The projection matrix determination module is used to determine the projection matrix of each emotion feature vector by maximizing the correlation between different modal emotion features of the same class of samples by using the discriminative multiple set canonical correlation analysis (DMCCA) method;

The feature fusion module is used to project the EEG emotion feature vector, the peripheral physiological emotion feature vector and the expression emotion feature vector into a common subspace through their corresponding projection matrices, and then add and fuse to obtain the EEG-peripheral physiological emotion feature vector. - Expression multimodal emotion feature vector;

And, the classification and recognition module is used for classifying and recognizing the multimodal emotion feature vector by using the classifier to obtain the emotion category.
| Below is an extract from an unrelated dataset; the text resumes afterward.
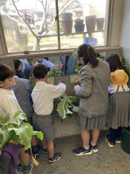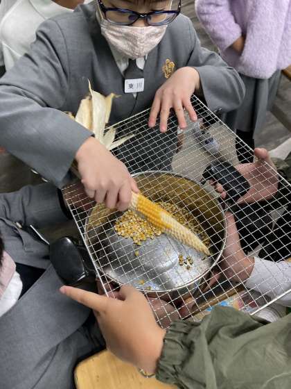 水はとても冷たいですが、みんなで協力して一生懸命、大根を洗っています。トウモロコシは管理作業員さんから頂きました。ポップコーンにして食べるそうです。

7. the multimodal emotion recognition system of fusion attention mechanism and DMCCA, is characterized in that, comprises at least one computing device, and described computing device comprises memory, processor and the computer that is stored on memory and can run on processor A program, when the computer program is loaded into the processor, implements the multimodal emotion recognition method fused with the attention mechanism and DMCCA according to any one of claims 1-5.